142 Posts
I wish I had more education in psych. I see a lot of patients with psych issues who have nowhere else to go either because of insurance or lack of community resources. I do feel out of my league for anything more complex than simple anxiety or depression. Even the MDs feel this way. We do a lot of "consensus" practicing-the providers talk to each other, look up stuff, and try to come up with at least a short term plan for a patient. It's not pure evidenced based practice by any means, but it's all we have. Thankfully, we recently hired an PMHNP who we plan on keeping VERY busy!
142 Posts
Thanks for the input BCGradnurse. I think that one of the things I hope to put into the program is simple tips and pearls. I have read someplace (don't remember where) that about 70% of anxiety and depression is treated by primary care providers. So you are not alone and will probably continue to see anxiety and depression. And those two do have evidenced based guidelines. My pet peeve (and I may be getting myself into trouble here) is PCPs putting someone with anxiety on long term benzos. But I think one of the most important things is to not stop thinking like a provider just because someone has a mental illness.
I have cared for a person that came in to our in patient unit after a suicide attempt and they had been seeing their primary care provider pretty consistently for increasing depression and after doing labs we found a crazy high TSH. The PCP did not even check!
I have found so many physical problems in folks with mental illness that should have been caught (like UTIs in the elderly and medication interaction with polypharmacy) and may have been causing or exacerbating a mental condition. It seems like many providers see the mental illness diagnosis and stop looking any further.
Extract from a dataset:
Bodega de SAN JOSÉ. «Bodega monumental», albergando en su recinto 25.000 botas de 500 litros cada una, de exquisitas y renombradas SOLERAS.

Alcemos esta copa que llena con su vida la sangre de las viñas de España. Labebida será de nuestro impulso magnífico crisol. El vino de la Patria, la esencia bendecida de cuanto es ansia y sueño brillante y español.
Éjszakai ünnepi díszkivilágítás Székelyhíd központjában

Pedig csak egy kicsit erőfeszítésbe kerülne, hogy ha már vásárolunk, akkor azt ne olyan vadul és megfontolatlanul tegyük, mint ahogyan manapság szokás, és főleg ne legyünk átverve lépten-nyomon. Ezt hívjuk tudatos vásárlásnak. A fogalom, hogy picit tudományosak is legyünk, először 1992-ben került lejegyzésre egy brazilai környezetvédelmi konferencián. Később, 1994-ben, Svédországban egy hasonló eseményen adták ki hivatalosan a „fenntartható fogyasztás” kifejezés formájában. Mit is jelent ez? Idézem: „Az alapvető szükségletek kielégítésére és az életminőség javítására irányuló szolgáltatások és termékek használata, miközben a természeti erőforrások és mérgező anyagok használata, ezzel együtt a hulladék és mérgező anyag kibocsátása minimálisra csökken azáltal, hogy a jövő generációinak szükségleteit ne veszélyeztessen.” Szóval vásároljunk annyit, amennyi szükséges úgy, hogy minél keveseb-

I think another important point is to know when to refer. And that is a hard one because there is not always someone to refer to, or the person has no $ or ins. I am glad to hear that you will have a psych NP available.
Thanks for your view on things.
1 Article; 2,806 Posts
I wish I had more education in psych. I see a lot of patients with psych issues who have nowhere else to go either because of insurance or lack of community resources. I do feel out of my league for anything more complex than simple anxiety or depression. Even the MDs feel this way. We do a lot of "consensus" practicing-the providers talk to each other, look up stuff, and try to come up with at least a short term plan for a patient. It's not pure evidenced based practice by any means, but it's all we have. Thankfully, we recently hired an PMHNP who we plan on keeping VERY busy!
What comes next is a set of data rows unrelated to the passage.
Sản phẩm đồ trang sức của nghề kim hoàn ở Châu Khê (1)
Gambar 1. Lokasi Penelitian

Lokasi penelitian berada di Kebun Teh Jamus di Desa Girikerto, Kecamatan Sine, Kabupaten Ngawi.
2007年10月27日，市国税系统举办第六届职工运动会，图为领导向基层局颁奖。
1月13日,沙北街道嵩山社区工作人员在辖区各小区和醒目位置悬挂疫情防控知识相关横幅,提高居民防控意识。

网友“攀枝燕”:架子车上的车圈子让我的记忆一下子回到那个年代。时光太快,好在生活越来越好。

If you're PMHNP gets swamped, just give me a call!
zenman
1 Article; 2,806 Posts
At Rush University, where I did my PMHNP, the FNP guys were required to take a Major Psychopathological Disorders course. I think they should also take a psychopharm course if they want to be more effective with this population. The single pharmacology course most NP programs require just doesn't cut it. We took 2 courses and that was for psych meds.
If NP programs would combine theory, research and role into one intensive 3 hr course, they would have space for these other needed courses.